Tuesday, February 22, 2011


I just got done reading Anthony McCann's "I (heart) Your Fate," and, like, whoa.

A few notes: The poems in this book border on being overtaken with naming, with applying meaning, with, well, being overtaken in general, "While all this time the highway poured towards me/ Bringing you and the promise of words..." It's hard to argue that all poetry isn't, in some way, a search for meaning, but McCann simplifies his search to just the language we use, implying maybe, that there can be no greater meaning without recognizing the impossibility of meaning in the first place, "and I wonder what all your things mean..." The book then takes on the responsibility of beginning meaning by giving everything a name. Words have names. You have names. Lives have names.

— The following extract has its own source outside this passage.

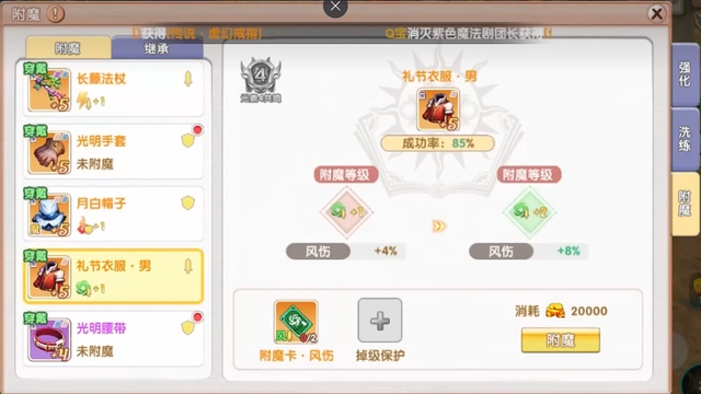- 继承规则:花费2万金币即可转移附魔效果,虽存在等级波动概率,但相较强化/洗练的完全重置,仍是最优保值选择。

And McCann pushes this idea by limiting his vocabulary; words, phrases and images are recycled to both limit and expand their respective meanings (brains, hands, teeth, knees, wrists, and birds, feelings, words, names). Sometimes it works by process of elimination, i.e., I don't know what I mean, but I don't mean that. Other times meaning keeps unfolding and expanding as if he were saying, I mean this and that and this and this and that too:

"It's almost as if I were saying these things
To someone--to you--or not even to you
You stood--like the day--by the beach--with you bag
While the birds and the traffic referred to themselves"

This book is a dance that is meant to mesmerize. This book is like Jamie Lee Curtis in "True Lies." Yes, it's entertaining, and in the poem, "The Visitor's Locker Room" (which seems maybe in reference to the U of I's visitor's locker room at Kinnick), it's even pretty erotic, but what you quickly learn, these are just distractions while McCann sneaks in cleans both your palette and palate, sweeps them free of anything we'd call meaning and remakes it right before your eyes. And though this will read as hyperbole, after reading this book it's easy to imagine it like a prism your white light just passed through...

Look at you now, you're all rainbows and shit.